**Input data:**
=== Section Start ===

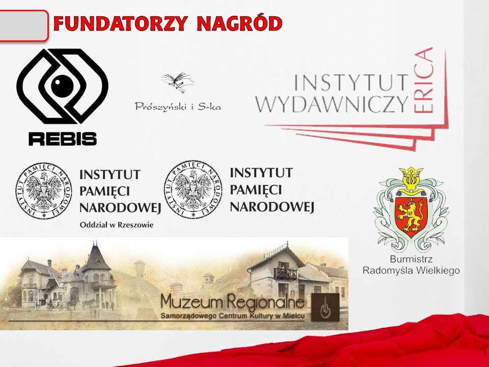 W tym miejscu należą się podziękowania fundatorom, którzy je przekazali. Przede wszystkim burmistrzowi Józefowi Rybińskiemu za ufundowanie nagrody głównej, a także rzeszowskiemu oddziałowi Instytutu Pamięci Narodowej za gry edukacyjne i książki, IPN-owi, Muzeum Regionalnemu w Mielcu, oraz wydawnictwom Prószyński i S-ka, Erica i Rebis, które przekazały książki o tematyce historycznej.
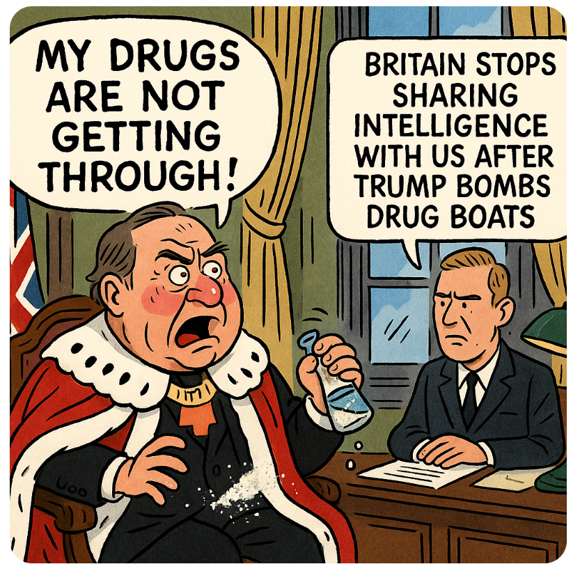 Β π₯π‘In a truly special relationship moment, Britain has slammed the brakes on sharing intelligence with the United Statesβafter Donald Trump, in peak Florida Man energy, started bombing suspected drug boats like a toddler playing Battleship with real missiles. And somewhere in the House of Lords, a certain Lord Hermer is reportedly not amusedβbecause apparently the supply chain for his favourite βpowdered importsβ just went up in smoke. π£ππ¬π§
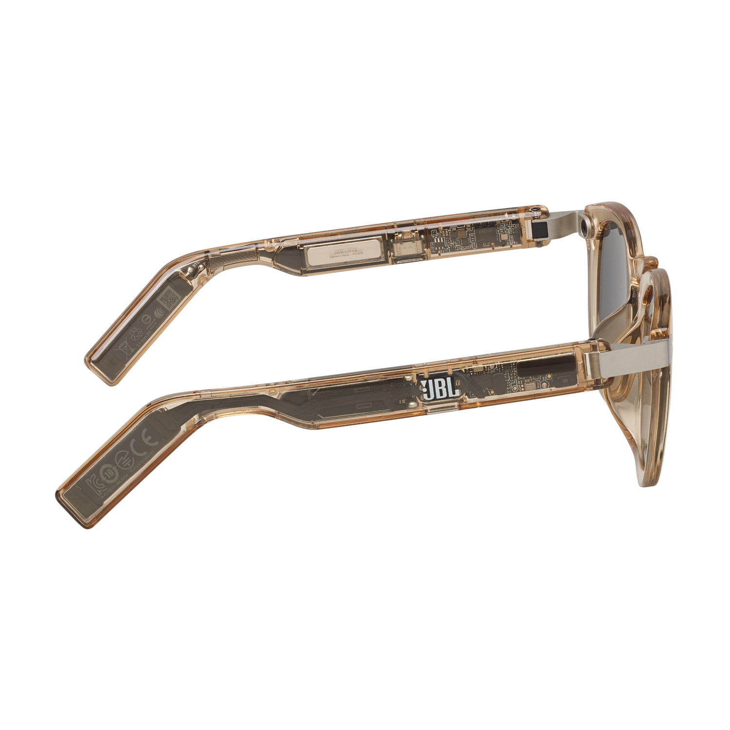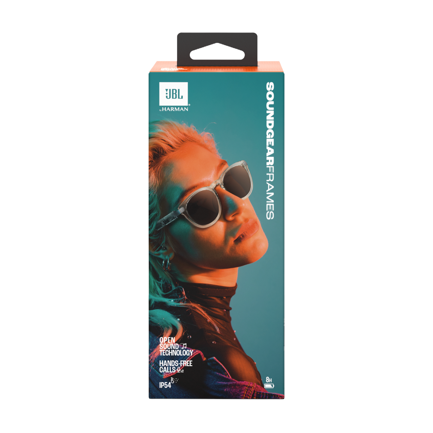 JBL Soundgear Frames are the perfect fusion of sound and fashion. Made with the latest thermoplastic materials, the slim, flexible, lightweight frames are comfortable enough to wear all day, and come in three unique translucent colors and two stylish designs. (And yes, you can get prescription lenses installed in them by your optician.) Open the temples to turn the speakers on and close them to turn them off. When you're wearing them, just tap the JBL logo on either temple to adjust the volume, answer a call, or skip a song. JBL's unique ultra-thin 25mm*9mm high amplitude speakers—powered by JBL OpenSound technology—are mounted inside the slim temples to enhance aesthetics and comfort. They deliver an immersive and engaging audio experience while still letting you hear the sounds around you. Connect the Soundgear Frames to the JBL Headphones app and customize the sound to your own preferences, or choose from 6 preset EQ curves. The JBL Soundgear Frames are where style meets sound.

=== Section End ===

**What you will do:** Set down the data again, exactly, without images.

**Finished exercise:**
 W tym miejscu należą się podziękowania fundatorom, którzy je przekazali. Przede wszystkim burmistrzowi Józefowi Rybińskiemu za ufundowanie nagrody głównej, a także rzeszowskiemu oddziałowi Instytutu Pamięci Narodowej za gry edukacyjne i książki, IPN-owi, Muzeum Regionalnemu w Mielcu, oraz wydawnictwom Prószyński i S-ka, Erica i Rebis, które przekazały książki o tematyce historycznej.
 Β π₯π‘In a truly special relationship moment, Britain has slammed the brakes on sharing intelligence with the United Statesβafter Donald Trump, in peak Florida Man energy, started bombing suspected drug boats like a toddler playing Battleship with real missiles. And somewhere in the House of Lords, a certain Lord Hermer is reportedly not amusedβbecause apparently the supply chain for his favourite βpowdered importsβ just went up in smoke. π£ππ¬π§
 JBL Soundgear Frames are the perfect fusion of sound and fashion. Made with the latest thermoplastic materials, the slim, flexible, lightweight frames are comfortable enough to wear all day, and come in three unique translucent colors and two stylish designs. (And yes, you can get prescription lenses installed in them by your optician.) Open the temples to turn the speakers on and close them to turn them off. When you're wearing them, just tap the JBL logo on either temple to adjust the volume, answer a call, or skip a song. JBL's unique ultra-thin 25mm*9mm high amplitude speakers—powered by JBL OpenSound technology—are mounted inside the slim temples to enhance aesthetics and comfort. They deliver an immersive and engaging audio experience while still letting you hear the sounds around you. Connect the Soundgear Frames to the JBL Headphones app and customize the sound to your own preferences, or choose from 6 preset EQ curves. The JBL Soundgear Frames are where style meets sound.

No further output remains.